Inequalities express the relationship between expressions that are not equal. They use symbols such as \(>\), \(<\), \(\geq\), and \(\leq\) to show this relationship. In the given exercise, the inequality \(x > 5\) indicates that \(x\) is greater than 5. This kind of condition is crucial when determining how to handle absolute values. Since \(x\) is greater than 5, the difference \(5-x\) turns out to be less than zero, which helps us decide how to simplify the absolute value expression. Understanding how to manipulate and interpret inequalities is vital when solving algebraic problems that involve absolute values.

Simplification is the process of reducing an expression to its simplest form. In this specific problem, we start by analyzing the expression \(|5-x|\). Knowing that \(5-x\) is negative when \(x > 5\), we rewrite the absolute value \(|5-x|\) as \(-(5-x)\). Simplifying further involves removing the parentheses and changing signs, leading to \(x-5\). Simplification helps when solving equations and inequalities, as it makes calculations easier and results more understandable. It provides a clear and concise way to express answers.
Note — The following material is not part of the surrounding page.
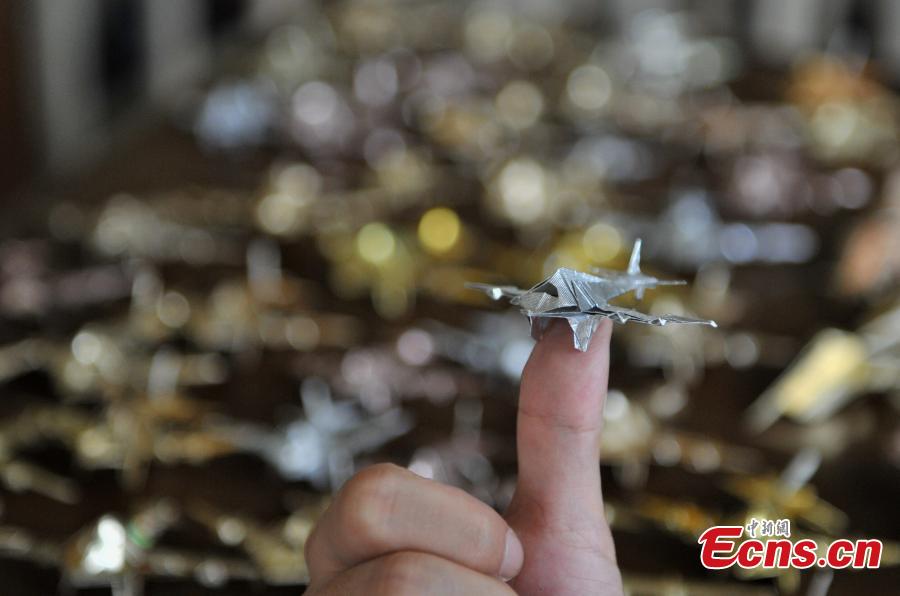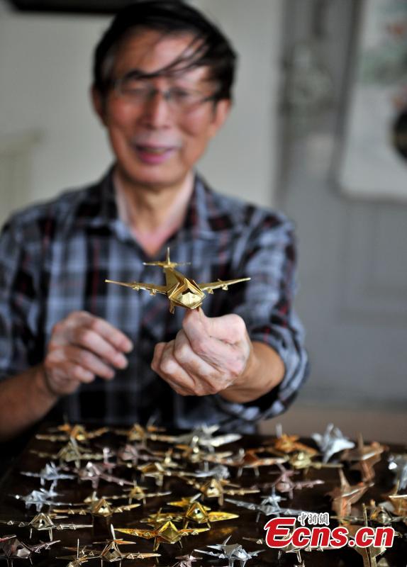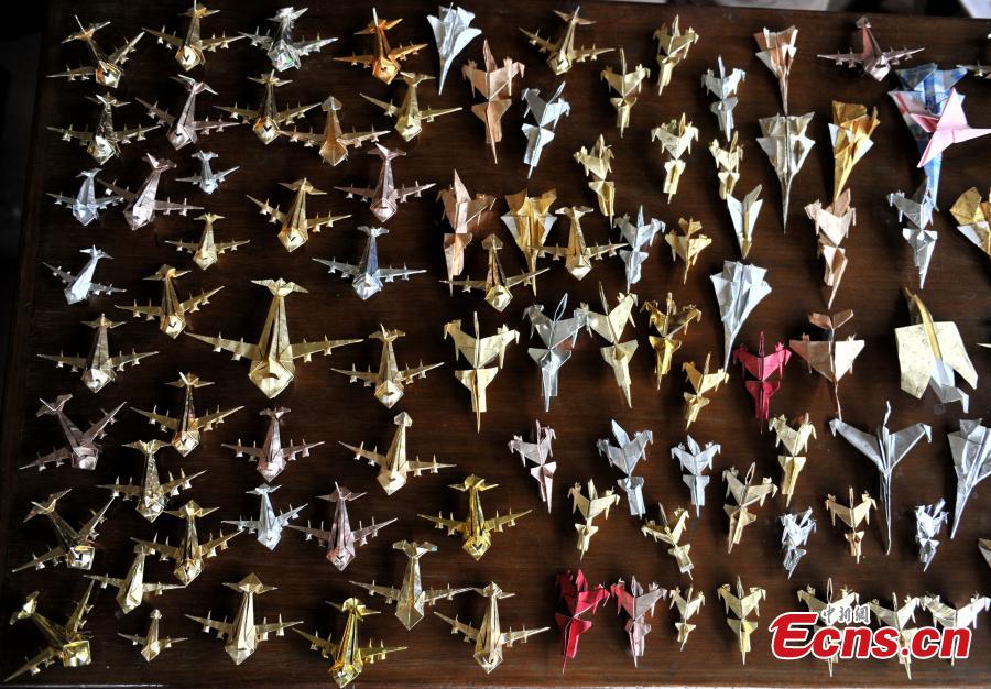 Xu Shuquan, a 70-year-old retired teacher shows mini-size airplanes he made with wastepaper at his home in Chengdu, Sichuan province on Wednesday, September 17, 2014. Xu has made over 10,000 paper airplanes of different types in the past 60 years. The man said he hoped to host an exhibition for all of his origami items, so as to make people know more about the art of Chinese paper folding. [Photo: China News Service/Liu Zhongjun]

The concept of number line distance is at the core of understanding absolute values. The absolute value represents the distance a number is from zero on the number line, regardless of direction. Unlike regular numbers, absolute values are always non-negative. In this exercise, the expression \(|5-x|\) measures the distance of the value \(5-x\) from zero. Since distance cannot be negative, if \(5-x\) is negative due to \(x > 5\), the absolute value reverses the sign, ensuring the expression is positive. Grasping the idea of number line distance helps in visualizing how absolute value functions and assists in correctly rewriting and simplifying expressions based on given conditions.